| Activity |
Return each line of the listing below, unchanged, and omit the images.

(Provided material Opens)

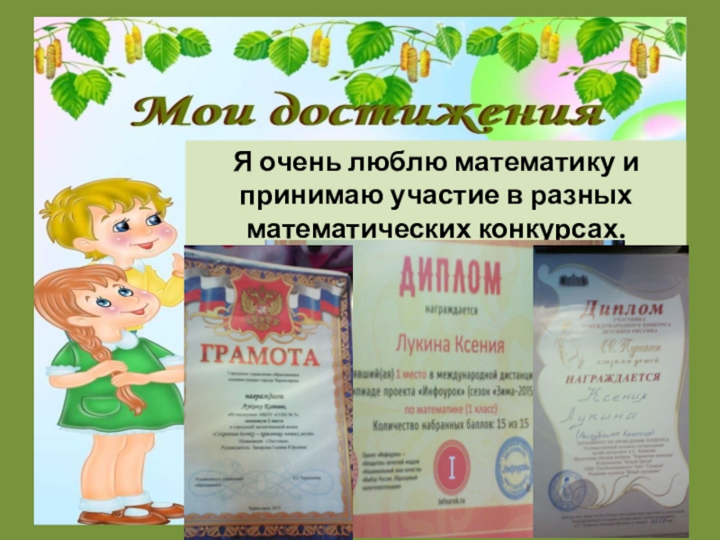Слайд 8Я очень люблю математику и принимаю участие в разных математических конкурсах.
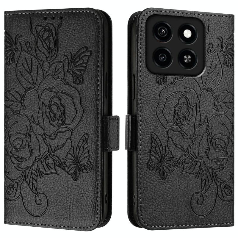For ZTE Blade A35 / A55 Embossed Rose RFID Anti-theft Leather Phone Case(Black)
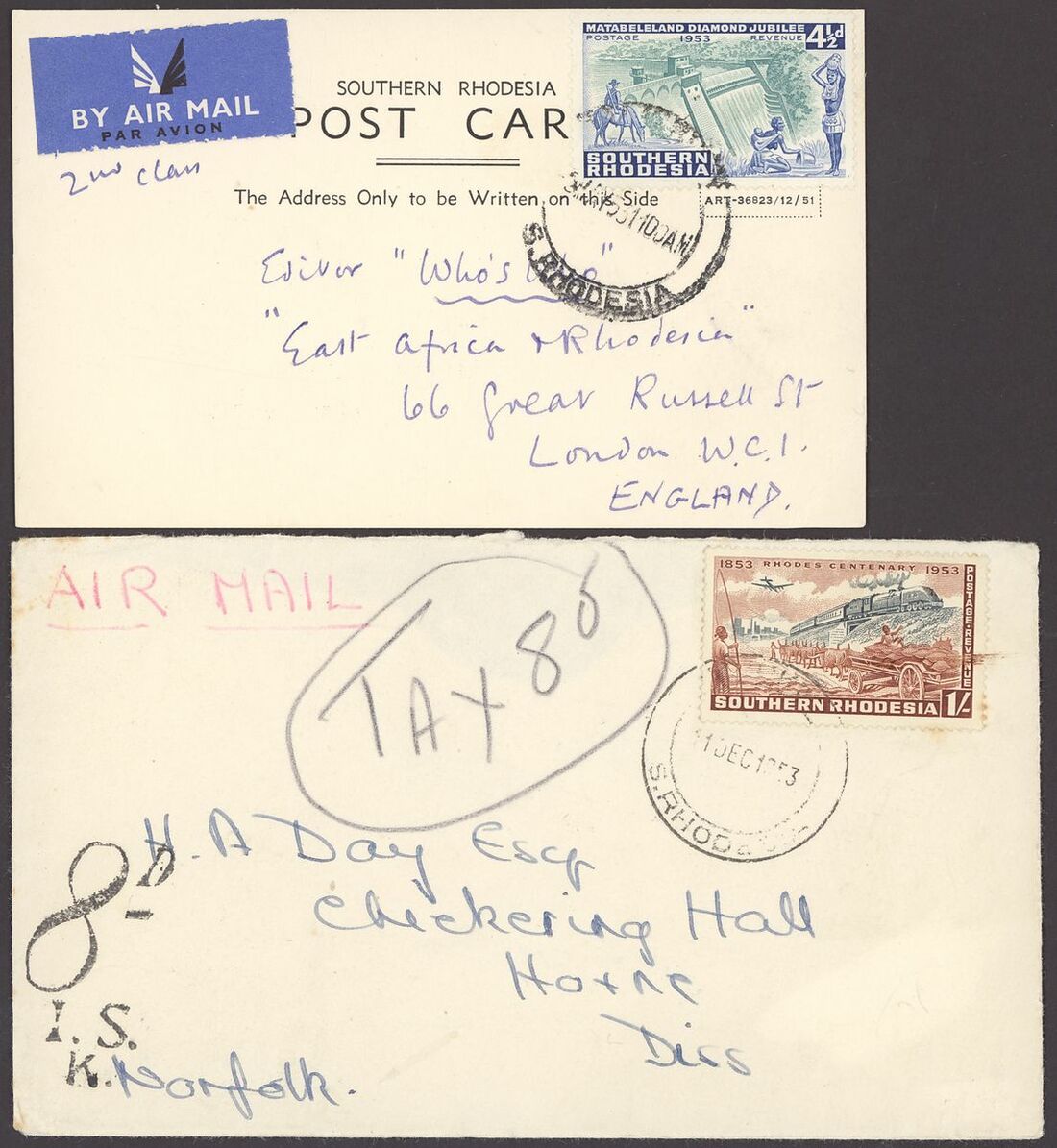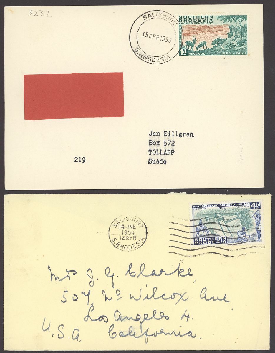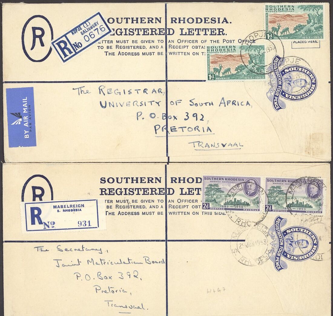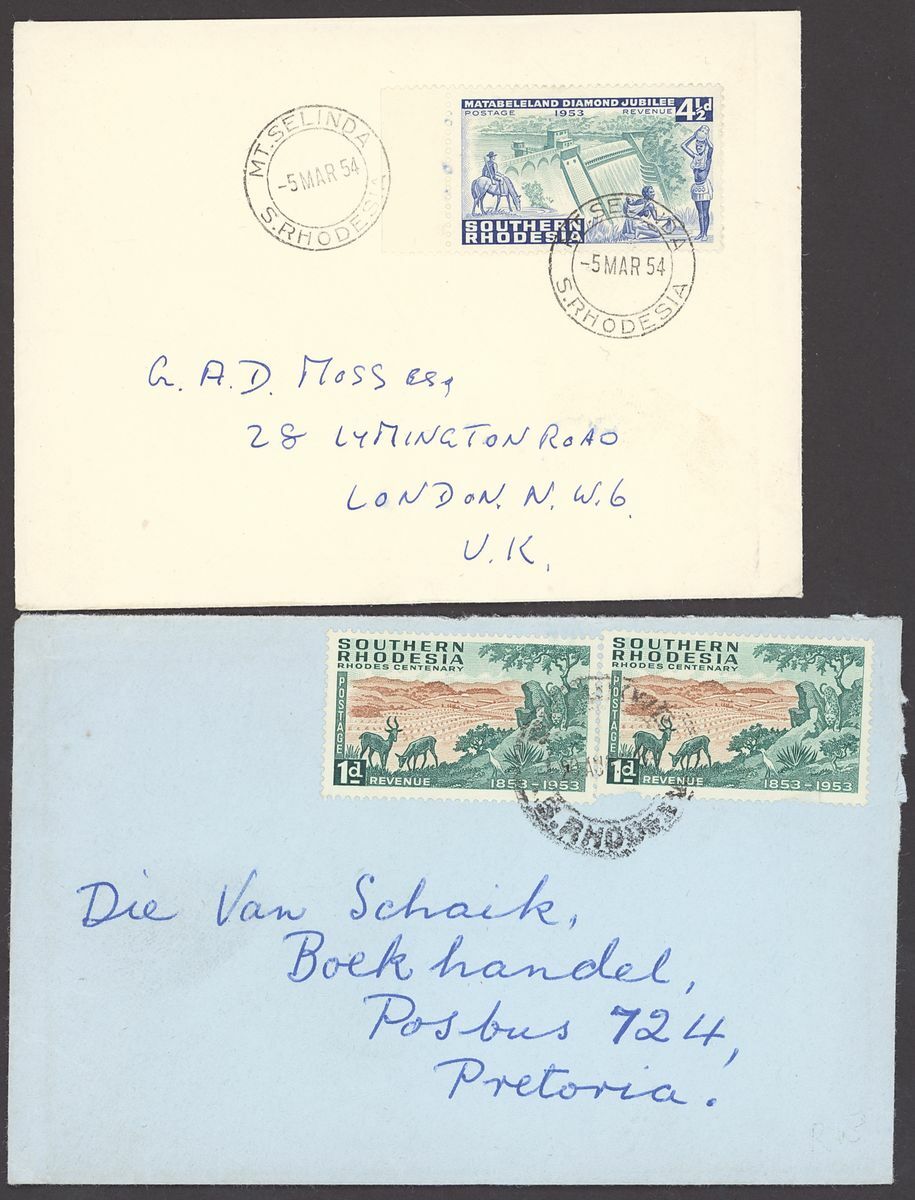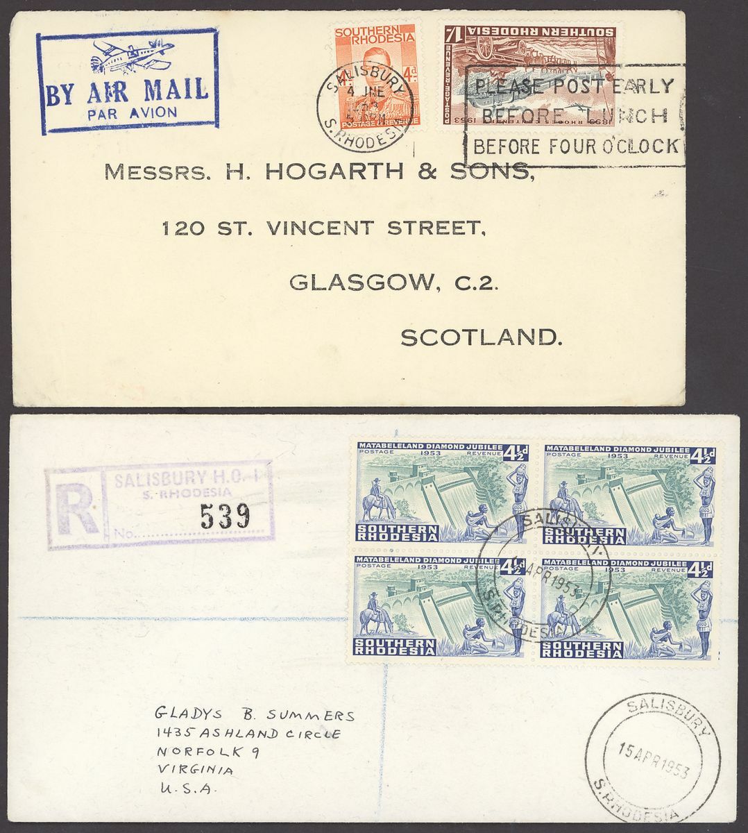 1953 (Apr.) Cecil Rhodes, a collection (21) with two sets on first day covers, one registered from Bulawayo addressed locally and one registered from Barnham Green to Bloemfontein with manuscript registration label, others addressed within Africa or to Denmark, England, Sweden or U.S.A. with a variety of frankings, four on 4d. registered envelopes and one bearing ½d. only from Rusape to Sayyatwe at the printed paper rate. An interesting lot

(Provided material Closes)

| Solution to this task |
Слайд 8Я очень люблю математику и принимаю участие в разных математических конкурсах.
For ZTE Blade A35 / A55 Embossed Rose RFID Anti-theft Leather Phone Case(Black)
 1953 (Apr.) Cecil Rhodes, a collection (21) with two sets on first day covers, one registered from Bulawayo addressed locally and one registered from Barnham Green to Bloemfontein with manuscript registration label, others addressed within Africa or to Denmark, England, Sweden or U.S.A. with a variety of frankings, four on 4d. registered envelopes and one bearing ½d. only from Rusape to Sayyatwe at the printed paper rate. An interesting lot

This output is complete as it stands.